• WHAT TO PRODUCE:
Your answer must be the lines from the start of the records through the line with "马门溪龙是亚洲个体最大的恐龙", exactly as written, without the pictures.

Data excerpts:
================================

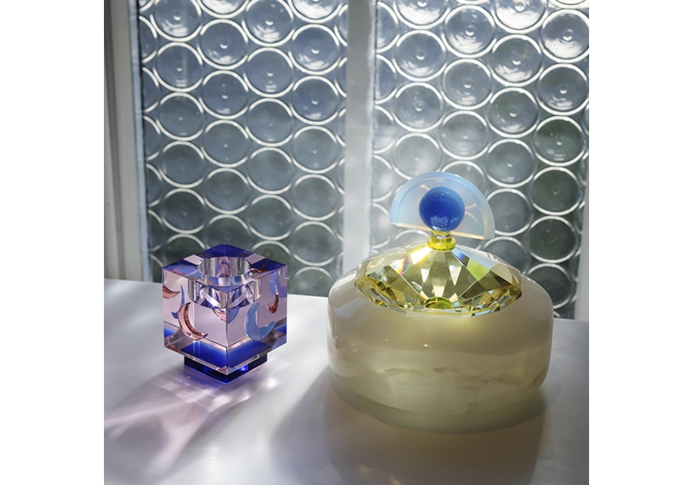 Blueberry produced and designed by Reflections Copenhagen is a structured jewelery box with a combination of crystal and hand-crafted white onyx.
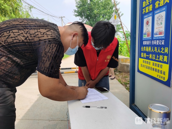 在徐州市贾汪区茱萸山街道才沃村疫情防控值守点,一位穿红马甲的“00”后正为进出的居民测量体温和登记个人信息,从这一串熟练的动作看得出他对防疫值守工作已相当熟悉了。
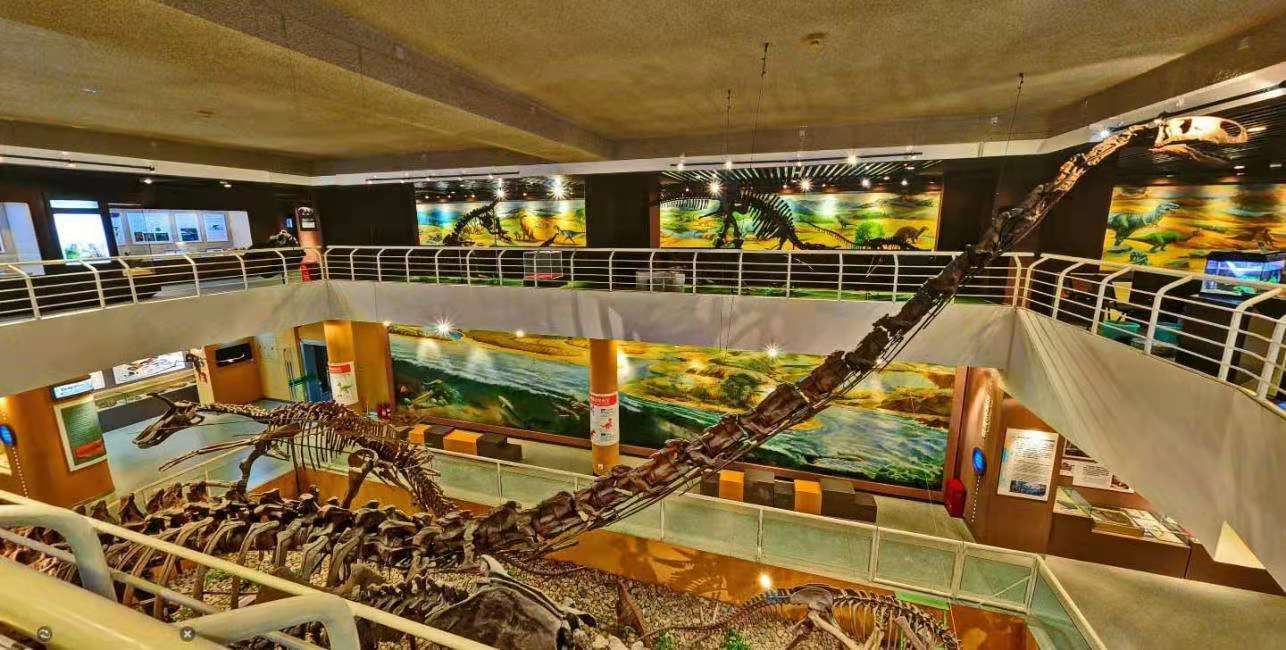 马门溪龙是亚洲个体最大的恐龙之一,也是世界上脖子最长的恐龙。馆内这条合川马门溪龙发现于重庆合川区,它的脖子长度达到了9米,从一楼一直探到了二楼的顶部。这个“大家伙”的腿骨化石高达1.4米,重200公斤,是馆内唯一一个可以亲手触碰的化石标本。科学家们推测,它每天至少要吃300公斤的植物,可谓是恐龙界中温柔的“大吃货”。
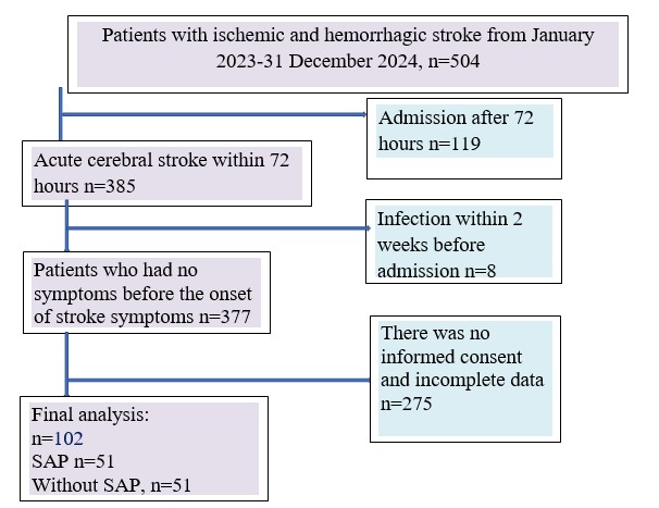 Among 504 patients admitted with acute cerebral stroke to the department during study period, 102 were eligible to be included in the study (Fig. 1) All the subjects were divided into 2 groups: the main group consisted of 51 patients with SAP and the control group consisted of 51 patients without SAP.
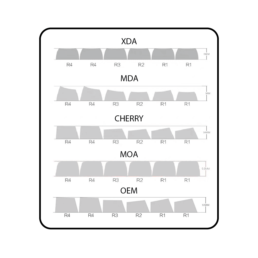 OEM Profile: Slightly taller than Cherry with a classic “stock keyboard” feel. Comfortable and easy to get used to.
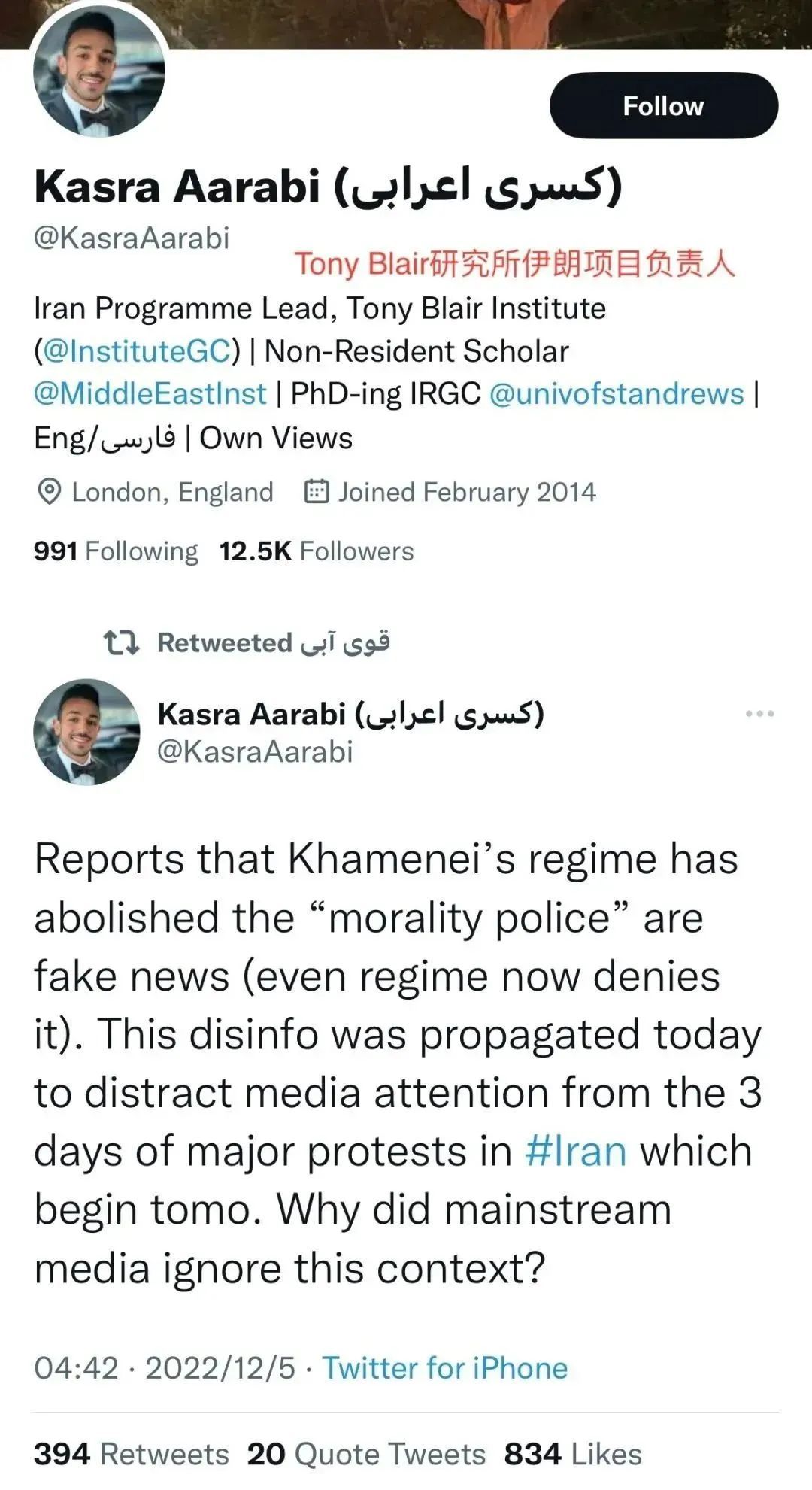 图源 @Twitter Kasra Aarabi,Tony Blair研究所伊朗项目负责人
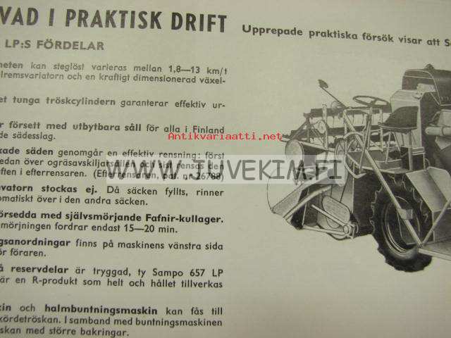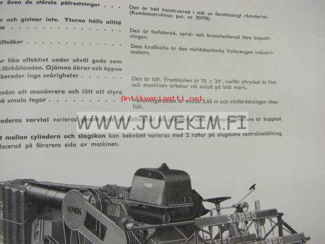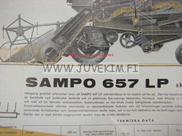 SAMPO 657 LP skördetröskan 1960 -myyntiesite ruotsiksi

================================

• EXERCISE ANSWER:
 Blueberry produced and designed by Reflections Copenhagen is a structured jewelery box with a combination of crystal and hand-crafted white onyx.
 在徐州市贾汪区茱萸山街道才沃村疫情防控值守点,一位穿红马甲的“00”后正为进出的居民测量体温和登记个人信息,从这一串熟练的动作看得出他对防疫值守工作已相当熟悉了。
 马门溪龙是亚洲个体最大的恐龙之一,也是世界上脖子最长的恐龙。馆内这条合川马门溪龙发现于重庆合川区,它的脖子长度达到了9米,从一楼一直探到了二楼的顶部。这个“大家伙”的腿骨化石高达1.4米,重200公斤,是馆内唯一一个可以亲手触碰的化石标本。科学家们推测,它每天至少要吃300公斤的植物,可谓是恐龙界中温柔的“大吃货”。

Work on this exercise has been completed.